4. Preparation and oversight of study audits/inspections: Ensure preparation and proper responses to audit/inspection reports for finding associated to study management. Develop and implement immediate action plans with study team, if needed. Prepare and assist in PAI preparation plan with the PAI project team. Utilize designated tools developed to oversee quality (e.g. CTMS reports, PAI Tools kit) for an Inspection-readiness approach.

About You:

1. Master’s degree (preferred) or bachelor’s degree in scientific discipline or equivalent is required; Project Management Professional certification (optional). Experience of collaborating with several internal teams.

2. Significant experience in clinical operations and managing clinical studies with strong project management and project leadership skills.

3. Solid knowledge of clinical development, GCP & ICH guidelines, regulations by major regulatory bodies such as FDA (Food and Drug Administration) and EMA (European Medicines Agency), and SOPs/ QDs.

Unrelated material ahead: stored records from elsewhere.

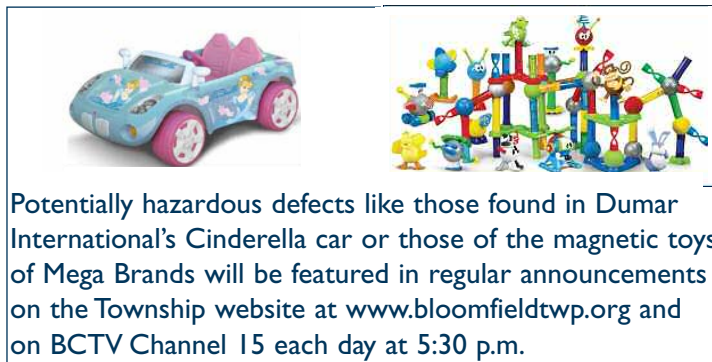
Potentially hazardous defects like those found in Dumar International's Cinderella car or those of the magnetic toys of Mega Brands will be featured in regular announcements on the Township website at www.bloomfieldtwp.org and on BCTV Channel 15 each day at 5:30 p.m.

The information can also be found on the Township's website at www.bloomfieldtwp.org under the "Fire Services" page. There, visitors can click on the new feature titled "Recalls" to view information regarding products under recall and potential remedies.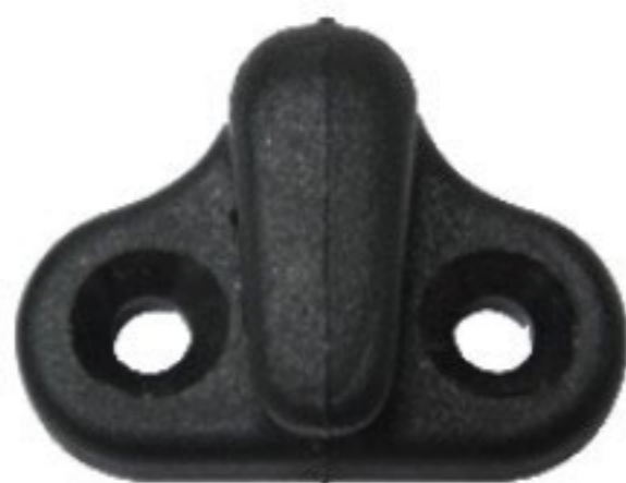
KB16 Hole Size: 3.9mm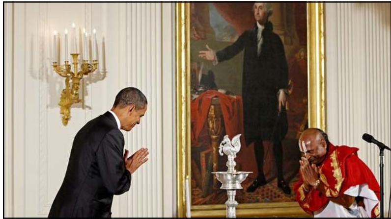
Diwali candle ceremony held beneath Washington's portrait in the White House, September 25, 2009

graduates are ignorant of why the Tree of Liberty grew in the soil of a robust Christian culture.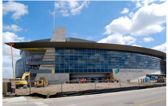
The INTRUST Bank Arena (above)

Major projects scheduled for completion in 2010 or currently in progress include: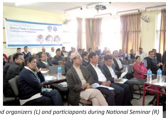
Program Participants and organizers (L) and participants during National Seminar (R)

The economic system of Nepal has undergone a dramatic transformation in the last decade, with its demographic advantage of a growing number of youth, in comparison with the aging societies in most of the more advanced countries in the region. In spite of a remarkable growth in the recent past, a growing body of evidence also points to serious concerns, which include growing incidences of youth unemployment and quality of TVET related issues that require urgent action to help Nepal to sustain its progress and make significant achievements.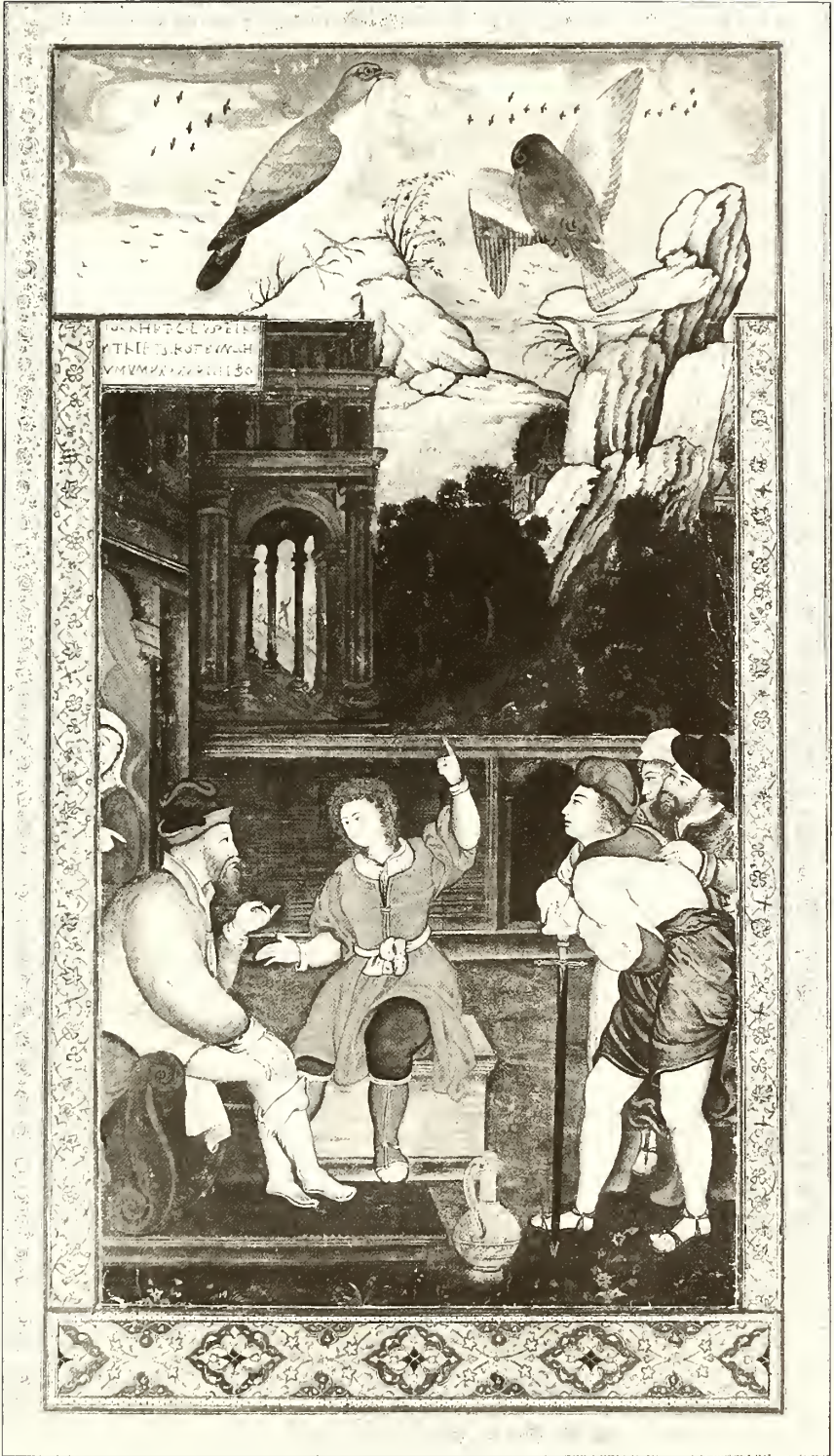
Figure 10. Joseph Interprets Pharaoh's Dream , by Kesu Das (act. 1570–1600) after Georg Pencz (German, 1500–1550). India, Mughal period, Akbar period, ca. 1585–90. Album page; opaque watercolor on paper, image: 21.4 x 10.8, folio: 42.2 x 26.5. St. Louis Art Museum, Gift of J. Lionberger Davis

4.  Strong ability to act as a project leader of a cross-function Clinical Study Team without direct reporting lines, thus being able to efficiently lead and collaborate in a matrixed environment.

5. Strong in decision making, thoughtful risk-taking and problem-solving skills. Strong critical thinking skills;able to identify and anticipate study risks.

6. Agile and able to deal with frequent changes, delays or unexpected events in clinical studies. Strong ability to lead transformation.

7. Excellent written and verbal communication skills. Strong influencing skills to effectively build relationships with internal and external stakeholders.

8. English language skill: ability to exchange fluently (incl. negotiation), lead international meetings, write meeting minutes/ emails/ study documents, and present well in internal & external forums.